Zac Efron stars in 17 Again

NewLine

Above: Zac Efron stars in 17 Again

By Nick Alva

In "17 Again" (opening April 17 throughout San Diego) Mike O'Donnell (Disney star Zac Efron of "High School Musical" fame) is a star on his high school basketball court with a college scout in the stands and a bright future in his grasp. But instead, he decides to throw it all away to share his life with his girlfriend Scarlett and the baby he just learned they are expecting. Almost 20 years later, Mike (now played by Matthew Perry) finds his glory days are decidedly behind him. His family is distant from him, and he ends up living with his best friend (Thomas Lennon) from high school, expecting to find himself in court facing his wife in a divorce trial. After an encounter with a janitor from his old high school, O'Donnell finds himself transformed into himself at age 17. Deciding how to fix his current dilemma, he decides to enroll back in school and create closer bonds with his children and wife.

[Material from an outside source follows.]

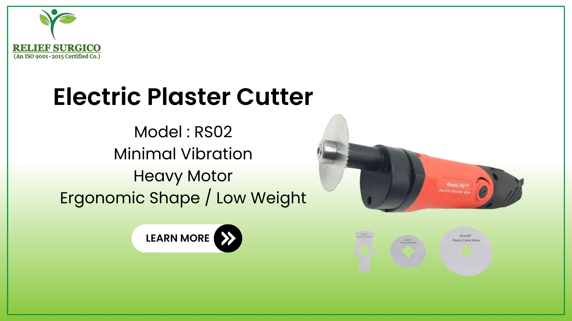 Relief Surgico was established in the year 2020 and India's reputed manufacturer & suppliers of Plaster Cutter Equipments, Orthopedic Equipments, Laboratory & Scientific Products and Hospital Supplies. Our top selling products are Plaster Cutter Equipment.
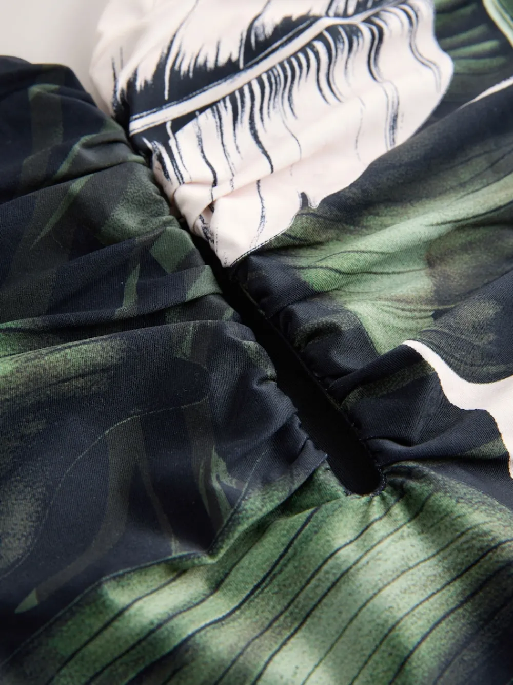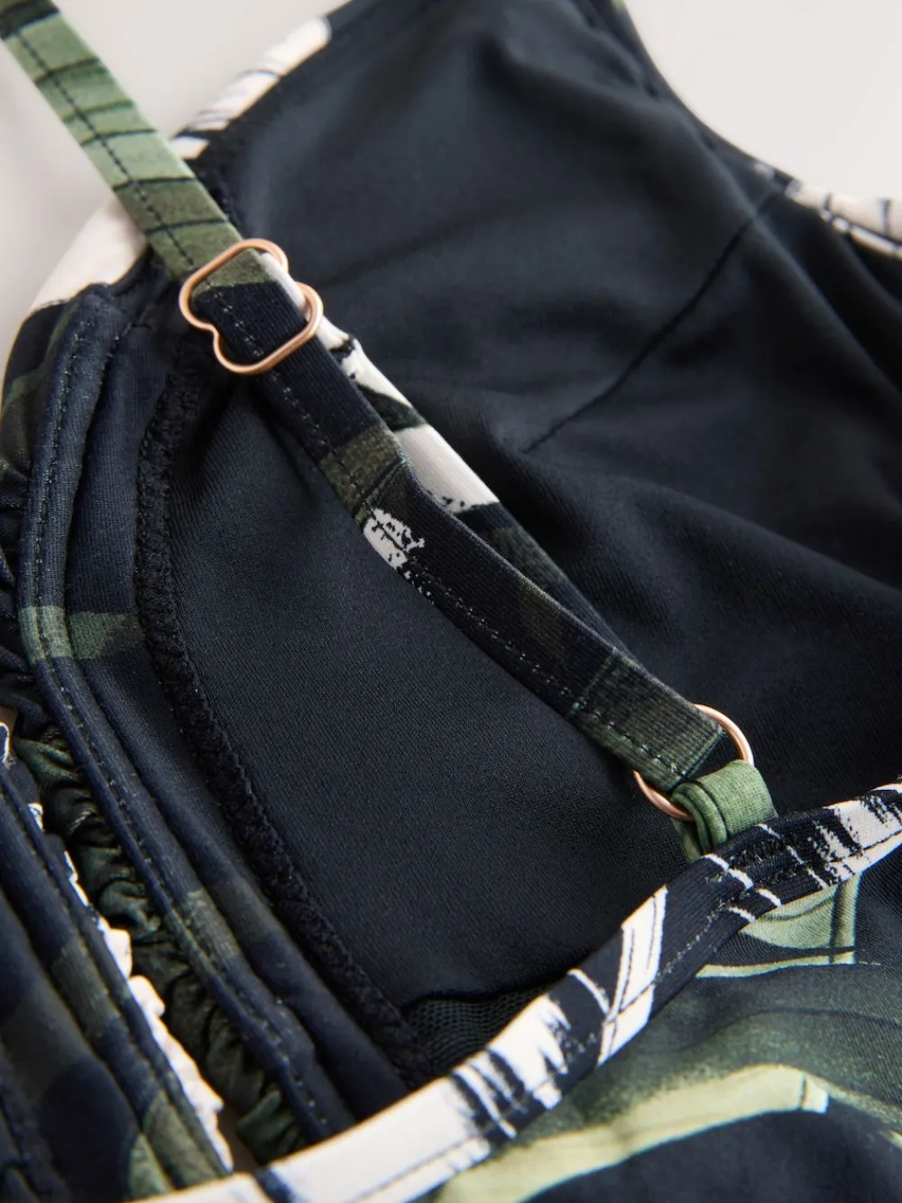 Make a summer style statement with this swimsuit. It features a plunging neckline and shaping mesh to the stomach for a smooth look. The swimsuit also includes central trim detailing and is made with SPF 50+ fabric. Plunge neckline Tummy control mesh SPF 50+ fabric Trim detailing Black/Green leaf print Main 85% Nylon, 15% LYCRA® XTRA LIFE™ elastane. Lining 92% Recycled polyester, 8% Elastane. Mesh 88% Nylon, 12% Elastane. Items with the curve logo are available in sizes 18 and above., Our tall collection is designed to fit women 5’10” and above. This has been proportionally increased through the body, leg and sleeve to achieve the perfect fit. Available in sizes 8-20.

Before viewing "17 Again" I thought it was going be stupid, but it turned out to be a pretty good movie because it was a wholesome film filled with teenage issues that would suit the entire family. But one of the things I did not like about the film was how Mike O'Donnell transformed into his teenage self. I thought there was going to be a more creative way of how it happened but no. He just falls in a watery vortex. Another thing I didn't like about the film is how it stereotyped teenagers as text machines and too plugged into their electronic devices to notice anything around them. It doesn't display a good image about this generation, and makes us seem uncaring about our futures and what lies ahead.

One thing I did enjoy about the film was the choice of dialogue that made the story more humorous. I also liked the deeper message the plot implies, such as leaving your life in the past, and breaking down barriers for the future. Overall, "17 Again" (rated PG-13 for language, some sexual material and teen partying) is a good movie. One that would be appropriate to see with the family.

Read on for a female teen perspective on the film...

By Janeane White

"17 Again" is a movie about a guy named Mike who had his whole life ahead of him and turned it down so that he could take care of the one he loved. It starts off when Mike is seventeen and in high school. He gets news that his girlfriend is pregnant so he marries her, has two children, and years later they are getting a divorce. After returning to high school and meeting a mysterious janitor, Mike is miraculously transformed into his 17-year-old self to revisit his past and to remind him of the love he has for his family. Through Mike's adventure he learns about his children and becomes closer to them and then, eventually, he is able to make his wife fall in love with him again.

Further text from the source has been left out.